2012 Down Senior Football Championship

Tournament details
- County: Down
- Province: Ulster
- Year: 2012
- Trophy: Frank O'Hare Cup
- Sponsor: Morgan Fuels
- Teams: 16
- Defending champions: Burren

Winners
- Champions: Kilcoo (11th win)
- Qualify for: 2012 Ulster Club SFC

= 2012 Down Senior Football Championship =

The 2012 Down Senior Football Championship was the 104th official edition of Down GAA's premier Gaelic Football tournament for senior clubs in County Down. 16 teams competed with the winner representing Down in the Ulster Senior Club Football Championship.

Following the conclusion of the 2011 competition, it was voted to change the format of the competition for the first time. From the 2013 edition, a group stage was to be introduced, and 2012 served as a transition season. Initially intended for just one season, the 2012 competition used a double elimination format for the opening two rounds of the championship, with the winners and early round losers rejoining at the quarter final stage. The group stage lasted just two seasons, and Down permanently adopted the double elimination format from 2015 onwards.

St Mary's Burren were the holders after defeating Clonduff in the 2011 final.

==Round 1==
The 16 participating teams were placed into an open draw.

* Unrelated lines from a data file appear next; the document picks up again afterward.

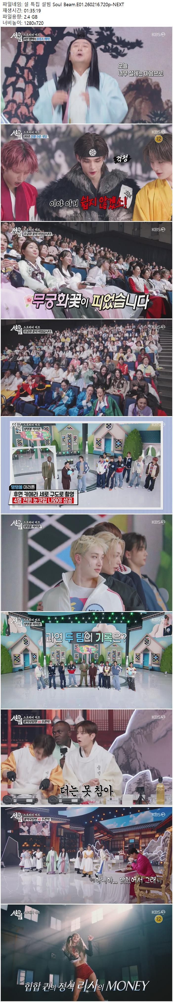 설 특집 설빔 Soul Beam.E01.260216.720p-NEXT.mp4 2.4 G MP4 01:35:19 1280x720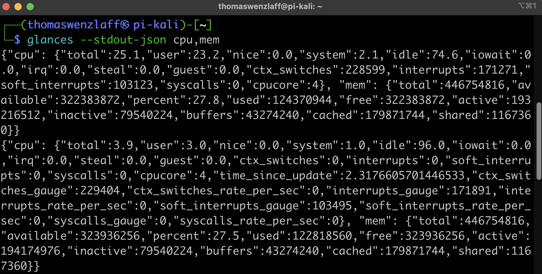 glances –stdout-json cpu,mem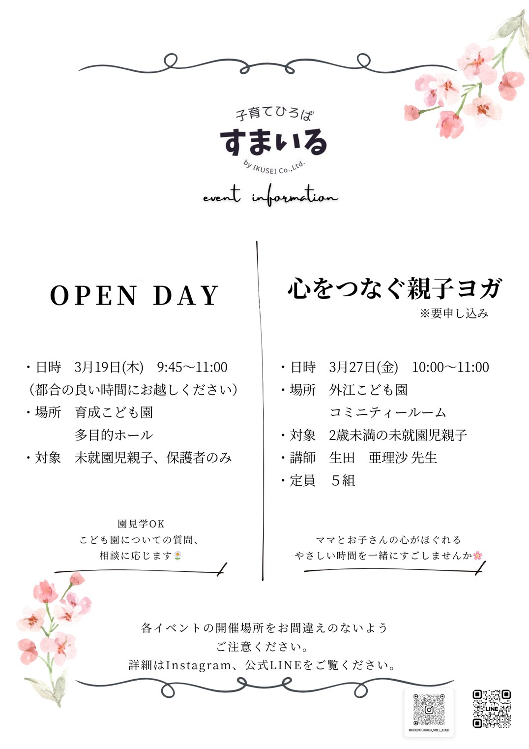 すまいる 【OPEN DAY】育成こども園、【心をつなぐ親子ヨガ】外江こども園 両園で開催!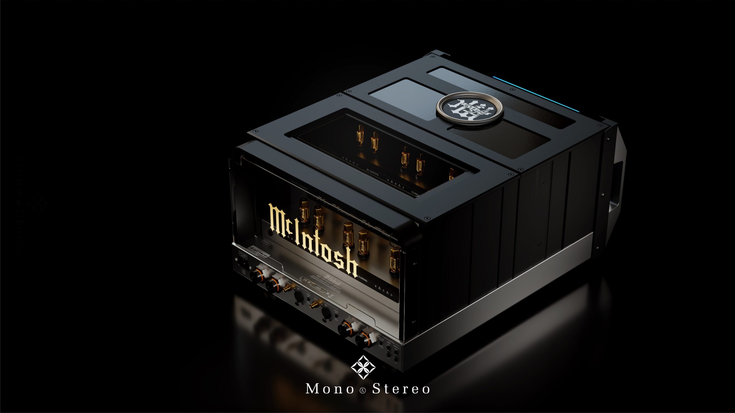Crafted with stainless steel chassis polished to a gleaming mirrored finish and immaculate metal casework, the MC2.1KW is a visual masterpiece with black glass front panels, illuminated logos, rotary knobs, aluminum handles, and a responsive blue Watt meter complete the timeless design.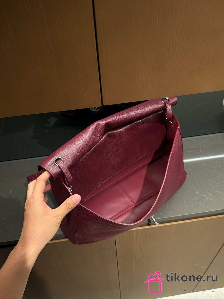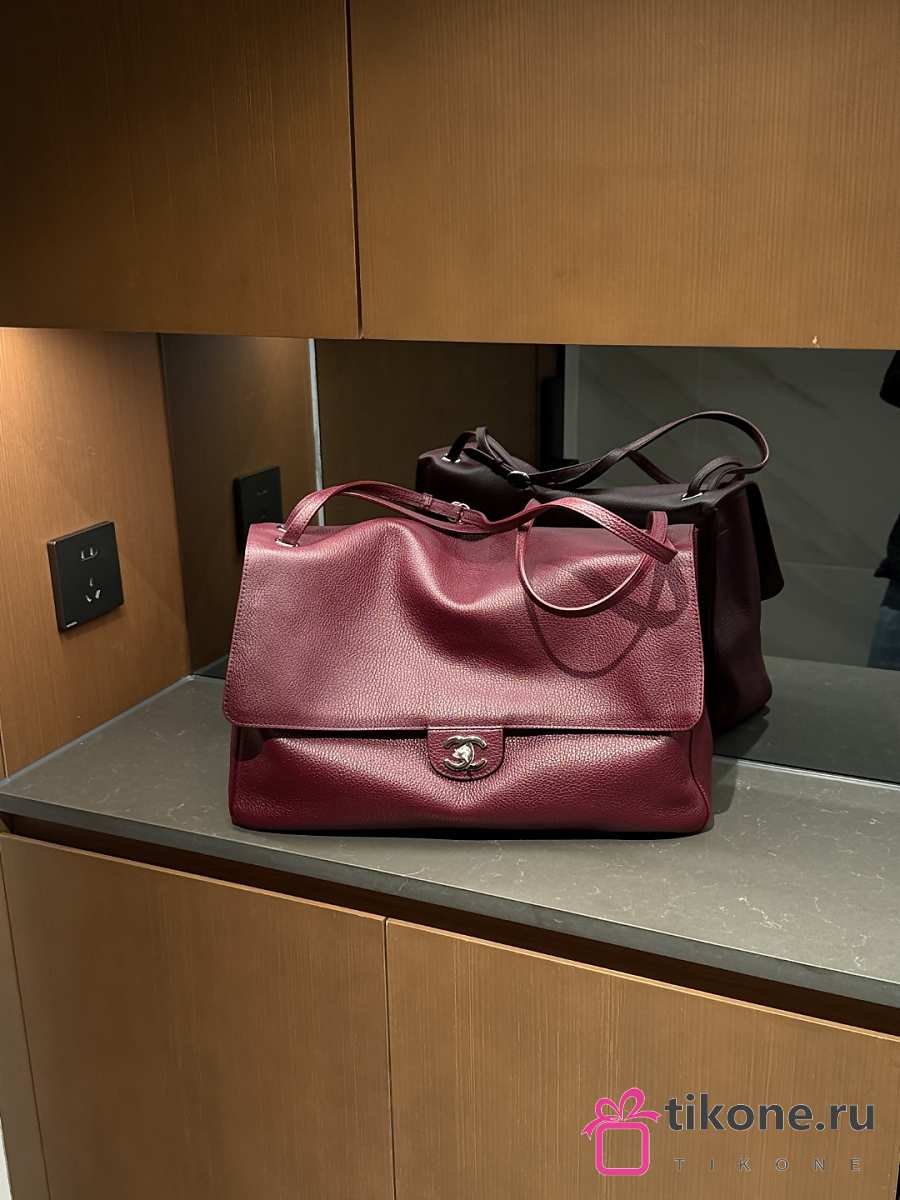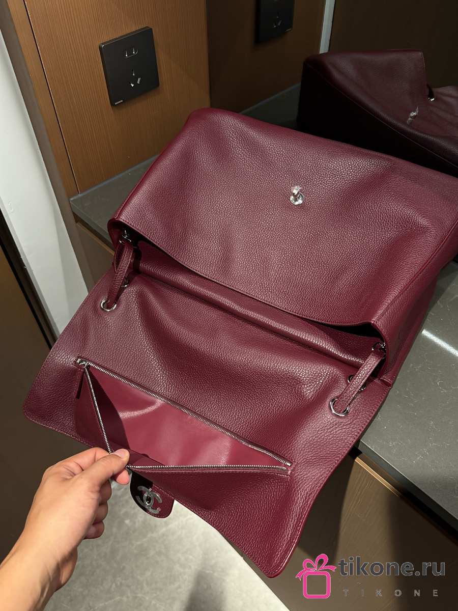 Chanel Maxi Flapbag Grained Calfskin & Silver Metal Dark Burgundy - 38.5x26x11cm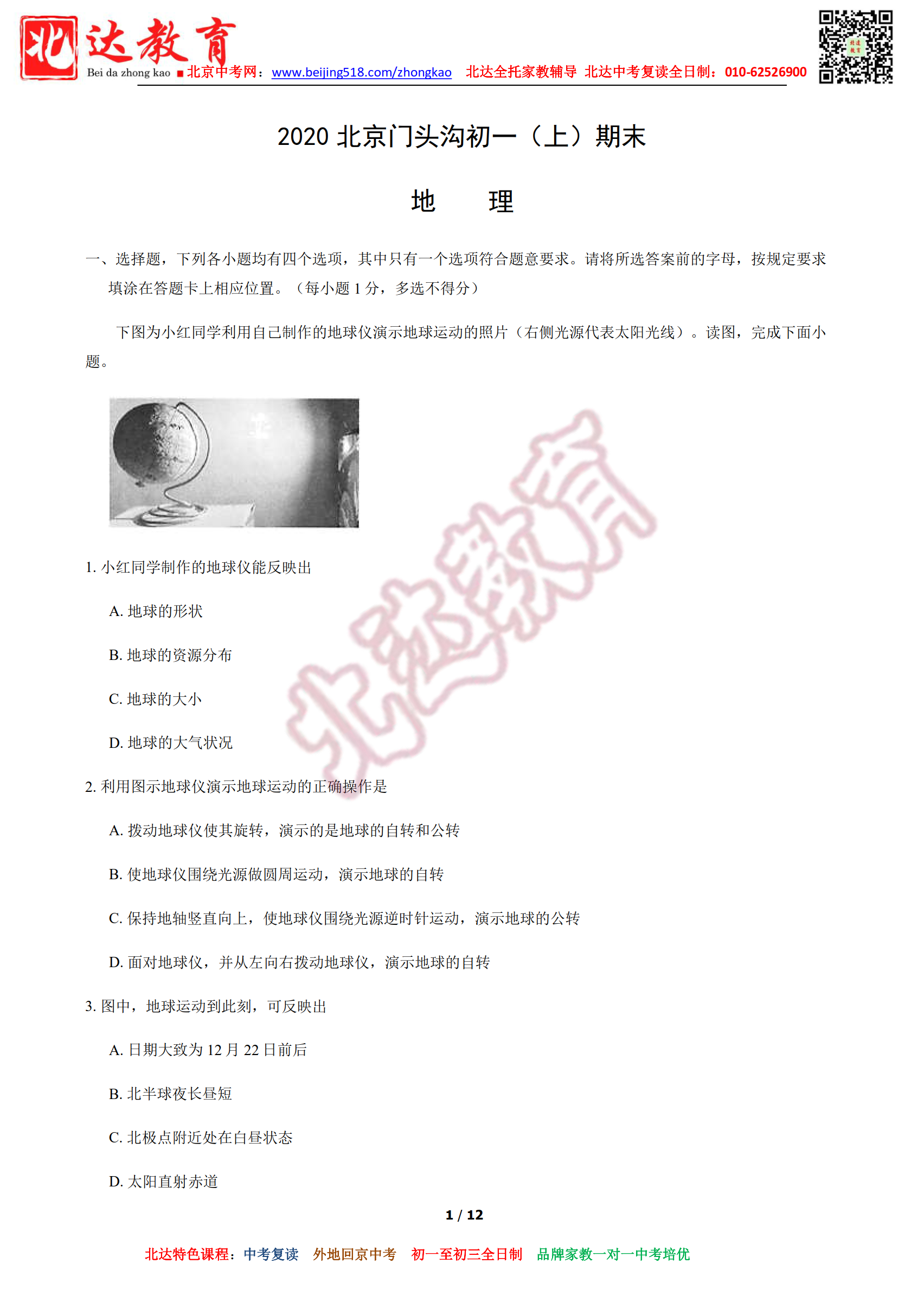 2020北京门头沟初一(上)期末地理(无答案).pdf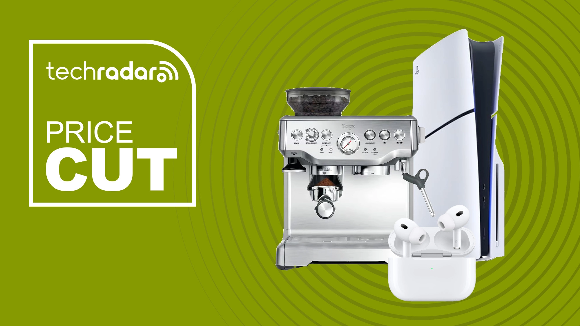 PS5, AirPods Pro 2 and Sage coffee maker on a green background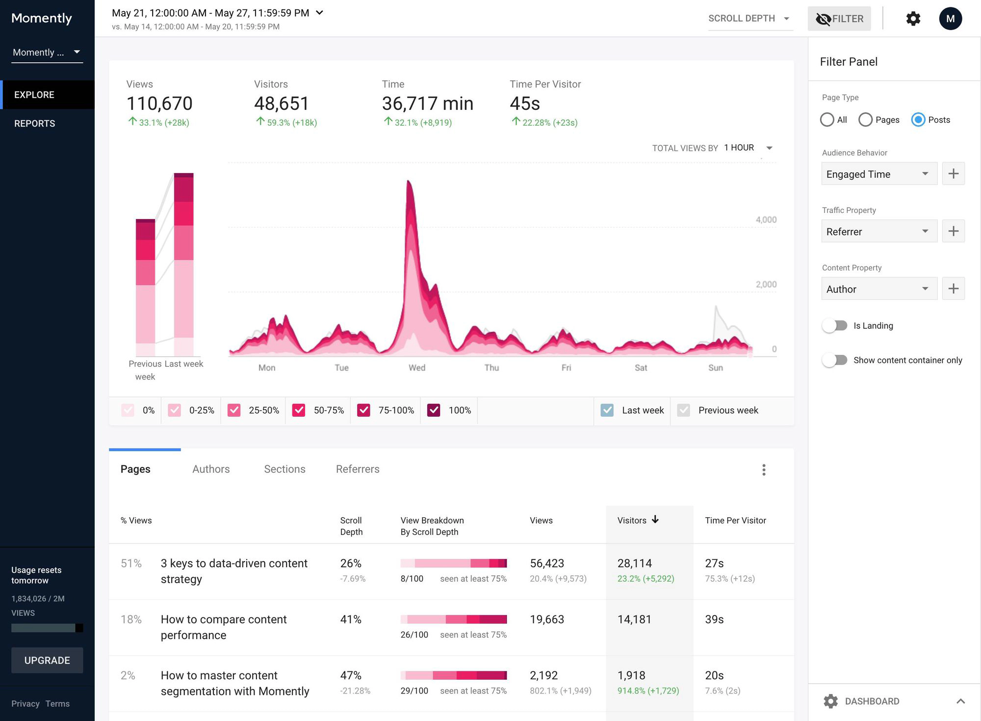 That’s it! Your site is now fully integrated with Momently and you can review your site metrics on the Momently content dashboard at any time! Here’s an example of a Momently dashboard: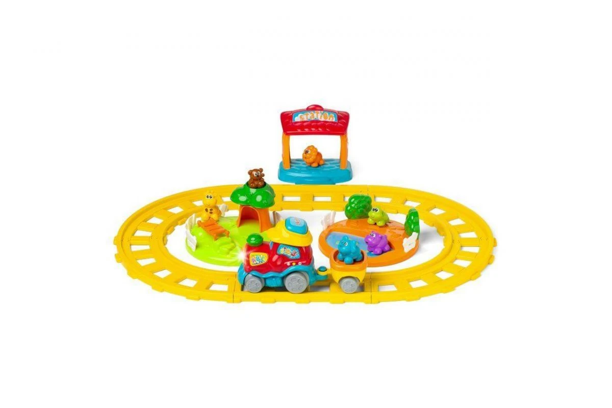Le train motorisé fait le tour de la piste avec de vrais bruits, des chansons et apprend à l’enfant des informations sur les 6 animaux.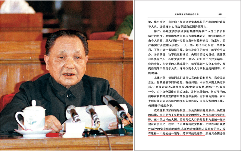 鄧小平同志高度重視堅(jiān)持和加強(qiáng)黨的領(lǐng)導(dǎo),旗幟鮮明地指出中國共產(chǎn)黨是社會主義現(xiàn)代化事業(yè)的領(lǐng)導(dǎo)核心,在改革開放和現(xiàn)代化建設(shè)中,必須始終堅(jiān)持黨的領(lǐng)導(dǎo),加強(qiáng)和改進(jìn)黨的建設(shè)。左圖為鄧小平同志在中國共產(chǎn)黨第十二次全國代表大會上致開幕詞(新華社記者 錢嗣杰/攝);右圖為鄧小平同志有關(guān)堅(jiān)持和加強(qiáng)黨的領(lǐng)導(dǎo)的重要論述。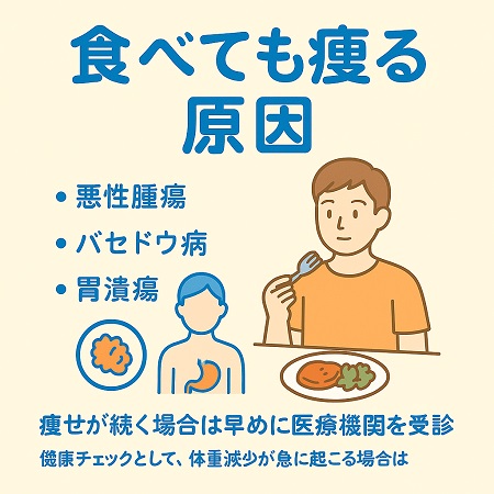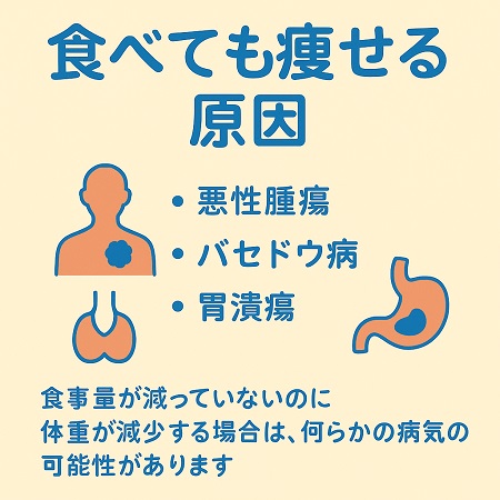 いつも通り食べても痩せる、急に体重が減少する原因・病気には、糖尿病、甲状腺亢進症、バセドウ病、悪性腫瘍(胃がん・大腸がん・すい臓がんなど)、慢性胃炎、胃・十二指潰瘍、炎症性腸疾患(クローン病・潰瘍性大腸炎)、摂食障害(神経性食欲不振症・拒食症など)やうつ病など様々な疾患が考えられます。
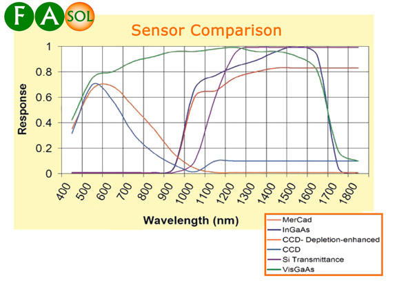 InGaAs探測器:波長探測范圍 900nm – 1750nm;帶電子半導(dǎo)體制冷器(TEC)的InGaAs探測器,可冷卻穩(wěn)定在 -40℃以下,無需使用危險的液氮制冷劑; InGaAs探測器分辨率為320x240,像素點(diǎn)尺寸為30 x 30um,更大的像素點(diǎn)面積可以收集更少的光子,探測靈敏度是普通640x480 InGaAs探測器的4倍;連續(xù)收集信號時間從1微秒到60分鐘;有效波段范圍內(nèi)量子效率(QE)為 80-85%;靈敏度 NEI <1x1010 ph/cm2/sec;量子效率>70 QE 在950-1700nm范圍內(nèi)。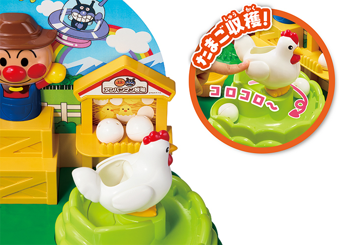 にわとりさんの鳴き声やアンパンマンとなかまたちのおしゃべりも流れるので、遊びをにぎやかに盛り上げてくれるよ☆

Winning sides move to Round 2A while losing sides go into Round 2B.

==Round 2==
===Round 2A===
Round 2A will feature the eight winning sides from Round 1, with an open draw to determine the fixtures. The winning sides progress directly to the Quarter Final, with the losing sides moving into Round 3.

===Round 2B===
Round 2B sees the eight losing sides from Round 1 compete for a place in Round 3. The losing sides from this round will be eliminated from the competition.

==Round 3==
Round 3 is a supplementary round for teams to have a second chance at reaching the Quarter Final. This round features teams that have lost once so far in this year's Championship, either winning in Round 1 and losing in Round 2A, or losing in Round 1 but winning their Round 2B fixture. Losing sides in this round are eliminated from this year's competition.

This round is seeded, meaning in each fixture a Round 2A losing side will face a Round 2B winning side.

==Quarter Final==
The Quarter Final sees the two brackets rejoin, with the earlier Round 2A winners facing a Round 3 winner for a Semi Final spot.

==Semi Final==
The Semi Final will see the four winning sides face off for a place in this year's final. This round is an open draw from the four Quarter Final winners.

==Final==
The final was played between the two Semi Final winners, and took place at Páirc Esler, Newry.